Employers who cover accommodation and food expenses will be able to deduct 40 percent from salaries: TRNC government introduces key reforms on wage
Lefkosia, TRNC – The Prime Ministry of the Turkish Republic of Northern Cyprus (TRNC) has announced significant policy changes aimed at addressing wage disparities between foreign and local workers and reducing the financial burden on pensioners in accessing healthcare.
As part of a new legislative decree, employers in the TRNC who provide accommodation and meals to foreign workers will now be permitted to deduct up to 40% from the employees’ salaries. This move aims to narrow the wage gap between foreign workers receiving such in-kind benefits and local workers who do not.
Addressing Long-standing Wage Inequality
According to the Prime Ministry, the regulation is intended to promote fairness in the labor market by tackling inequalities that arise when foreign workers receive additional support such as lodging and meals, while local employees are often left to cover these costs themselves.
The Minimum Wage Law, in effect since 1975, has traditionally applied equally to all employees regardless of nationality. However, in practice, discrepancies have emerged due to employer-provided benefits for foreign laborers. The new regulation specifically applies to workers brought in from countries with which the TRNC does not have a bilateral labor agreement, allowing employers to make up to a 40% deduction from the minimum wage in return for accommodation and food.

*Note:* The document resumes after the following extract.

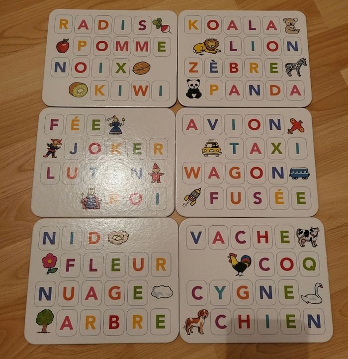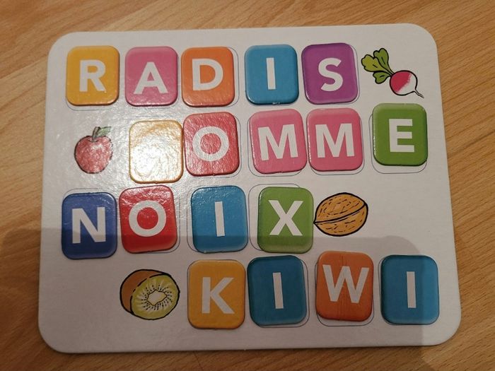 Je vends un jeu éducatif "Les mots" pour apprendre les lettres de l'alphabet et apprendre à lire les mots. C'est adapté pour les enfants de 4 à 6 ans. Il est en très bon état et complet. Je le vends 4€.

“The regulation aims to ensure wage justice in the labor market,” the Prime Ministry stated.
Healthcare Contributions for Pensioners Abolished
In a parallel reform, the government has also abolished the 20% co-payment requirement for certain groups of citizens when obtaining medications from state-run pharmacies. This includes social insurance pensioners, individuals receiving permanent disability, disability pensions, and survivors’ benefits such as widowhood or orphanhood pensions.
The co-payment policy had been in place since 1991, requiring eligible citizens to contribute 20% towards their prescription medication costs. Under the new decree, these individuals and their dependents will no longer be subject to this contribution when accessing drugs through public pharmacies.
The Prime Ministry emphasized that the reform aims to ease financial barriers to healthcare, stating, “The goal is to reduce the economic burden in accessing medical services.”
With these two measures now in force, the TRNC government is taking steps to create a more equitable labor market and to enhance access to healthcare for vulnerable segments of the population.